Итоговое произведение О. – «Русские ночи» (1844), уникальный в жанровом отношении филос. роман в повестях, куда вошли и некоторые из ранее опубликованных сочинений. Построенный как филос. беседа между романтикомшеллингианцем, двумя прагматически мыслящими людьми и «русским Фаустом», воплощающим наиболее близкий автору тип универсального учёного, роман ставит глобальные вопросы о характере и перспективах совр. цивилизации, о трагич. разрыве бытия и сознания, заполняемом новейшими учениями с их иллюзорным систематизмом. В опровержение теорий Т. Р. Мальтуса и И. Бентама написаны центральные в романе повести-антиутопии «Последнее самоубийство» и «Город без имени» (впервые опубл. в 1839). Надежду на спасение и грядущее обновление человечества О. связывал с Россией; своё видение её будущего как всемирной державы О. выразил также в незавершённом романеутопии «4338й год» (два фрагмента опубл. в 1835 и 1840; полностью опубл. в 1926).
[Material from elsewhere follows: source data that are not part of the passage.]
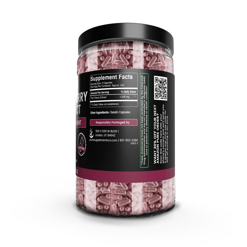 - Tart Cherry Extract Capsules are filled with a single ingredient, providing a pure undiluted supplement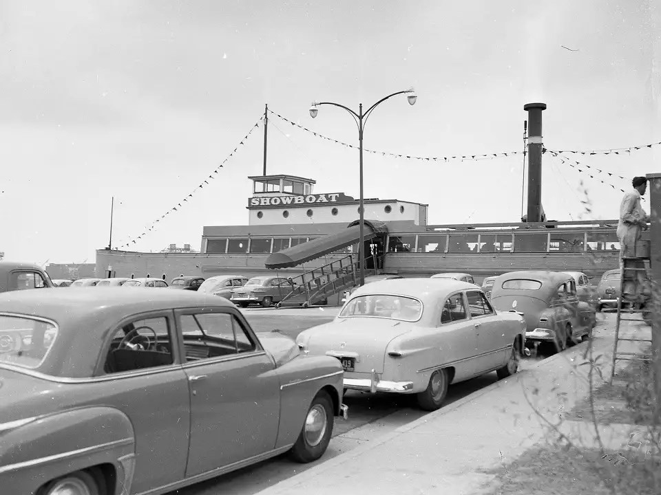 In 1951 the Petaluma, a paddlewheel steamboat, dropped anchor at the foot of Broadway at Jack London Square. Renamed the Showboat Restaurant, and renovated to house a circular bar on the upper level and a spacious dining room below, it was described as a floating palace. There was a ladder and a mooring to allow local yachtsmen to drop off their passengers on the boat for a meal or a drink.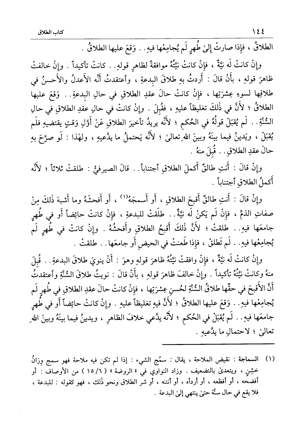 وإن كانت له نية، فإن وافقت نيته ظاهر قوله وهو: أن ينوي طلاق البدعة.. قبل منه وكانت نيته تأكيدا. وإن خالف ظاهر قوله، بأن قال: نويت طلاق السنة واعتقدت أن الأقبح في حقها طلاق السنة لحسن عشرتها، فإن كانت حال عقد الطلاق في طهر لم يجامعها فيه.. وقع عليها الطلاق؛ لأن فيه تغليظا عليه. وإن كانت حائضا أو في طهر جامعها فيه.. لم يقبل في الحكم؛ لأنه يدعي خلاف الظاهر، ويدين فيما بينه وبين الله تعالى؛ لاحتمال ما يدعيه.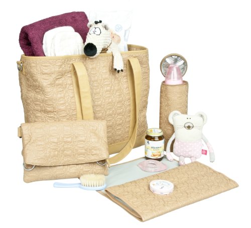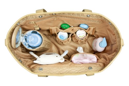 Detachable key fob, stroller hooks with clips, removable section for baby food containers (easy clean up);Removable insulated bottle holder, changing pad, tons of pockets inside and out;Removable zipper pouch for credit cards and cash, cell phone pockets;Pen holders and zippered wet pocket to separate clean from dirty;Easily wipes clean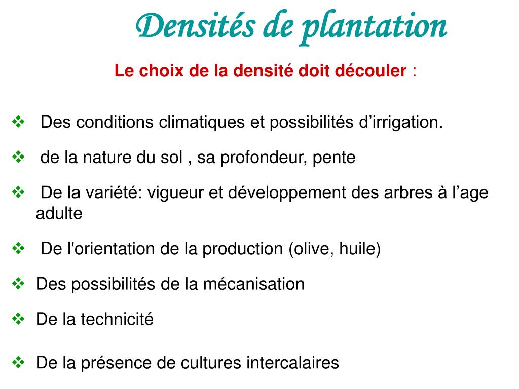 Densités de plantation • Le choix de la densité doit découler : • Des conditions climatiques et possibilités d’irrigation. • de la nature du sol , sa profondeur, pente • De la variété: vigueur et développement des arbres à l’age adulte • De l'orientation de la production (olive, huile) • Des possibilités de la mécanisation • De la technicité • De la présence de cultures intercalaires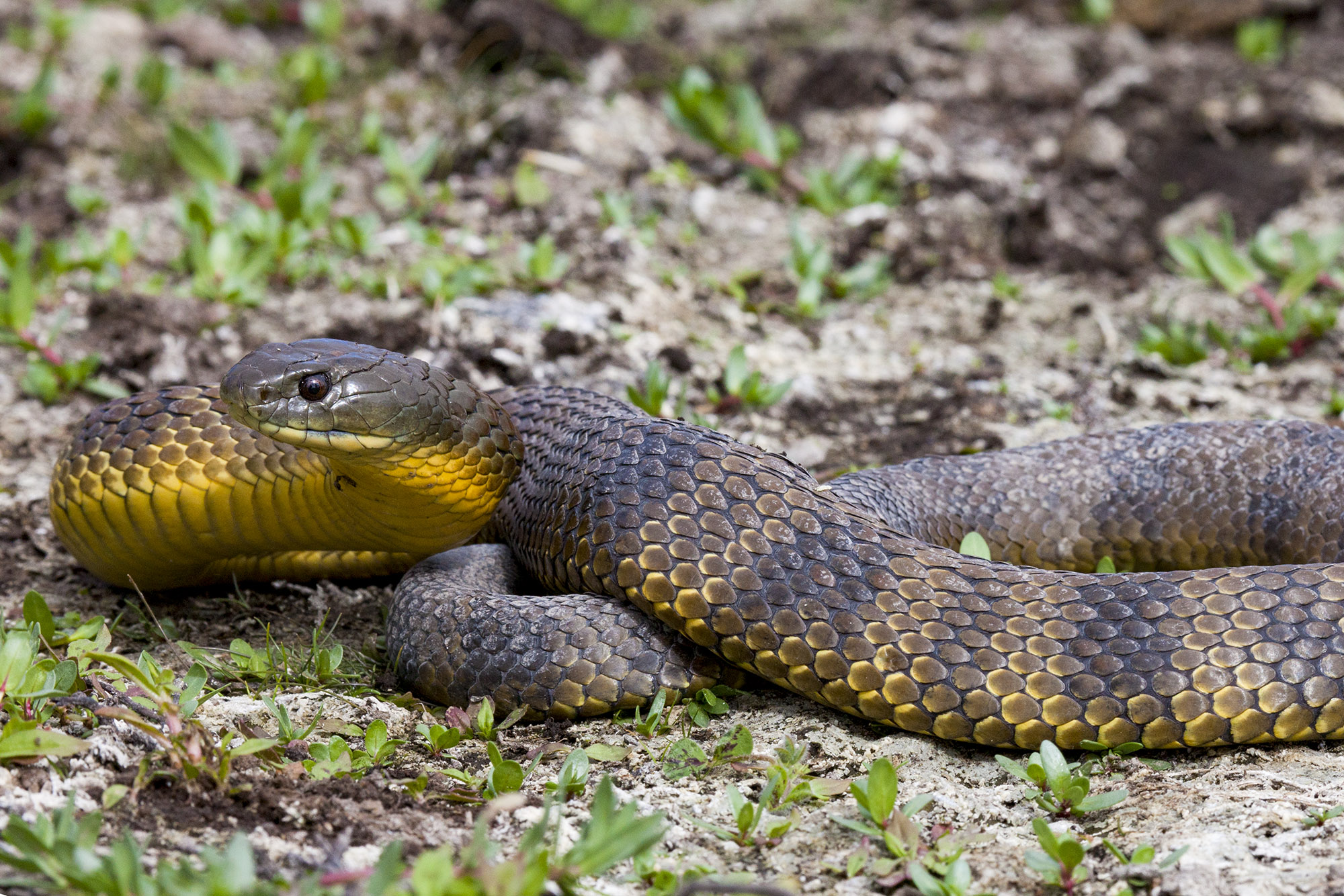 这种毒蛇身上常带有交叉条纹,尤其以条纹边缘的黄色纹路和老虎条纹颜色相似而得名虎蛇。实际上,虎蛇颜色各异,有的身上甚至根本没有任何纹路。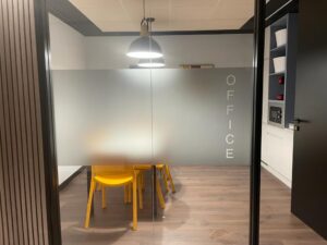 El vinilo al ácido o efecto traslúcido es un material que tiene muchas prestaciones y que es capaz de cambiar la apariencia de un espacio, indicado para oficinas, centros de trabajo, restaurantes y espacios que quieran conservar la luz natural pero quieran tener espacios con mayor privacidad. Este vinilo adhesivo y con un efecto de grabado en el cristal no te restará luz al local o oficina pero donde lo pongas no podrán verte, es un material idóneo para aplicar en cristales, para separar espacios en consultas médicas, salas de reuniones… Además con este vinilo podrás personalizar tu marca y sus aplicaciones corporativas ya que mediante el plotter podemos cortar todo tipo de textos, logotipos, vaciados…consigue un efecto muy corporativo con este material como complemento del resto de rótulos.

После издания собрания своих сочинений (ч. 1–3, 1844) О. практически не возвращался к худож. творчеству, занимаясь разносторонней культурнопросветительской деятельностью и популяризацией науч. знаний. В 1843–48 вместе с А. П. Заблоцким-Десятовским выпускал имевшее огромный успех среди крестьян «Сельское чтение» (кн. 1–4), где в увлекат. форме излагались начатки химии, физики, математики, истории и др.
О. – один из основоположников рус. музыкознания, муз. критики и муз. лексикографии. В 1825 дебютировал как муз. критик. Чрезвычайно высоко ценил творчество И. С. Баха, пропагандировал музыку В. А. Моцарта, Л. ван Бетховена, Г. Берлиоза, признавал новаторство Ф. Листа и Р. Вагнера. Из отеч. композиторов выделял М. И. Глинку. Поддержкой О. пользовались А. А. Алябьев, М. А. Балакирев, А. Н. Верстовский, Н. Г. Рубинштейн, А. Н. Серов и др. Одним из первых О. распознал талант Н. А. Римского-Корсакова и П. И. Чайковского.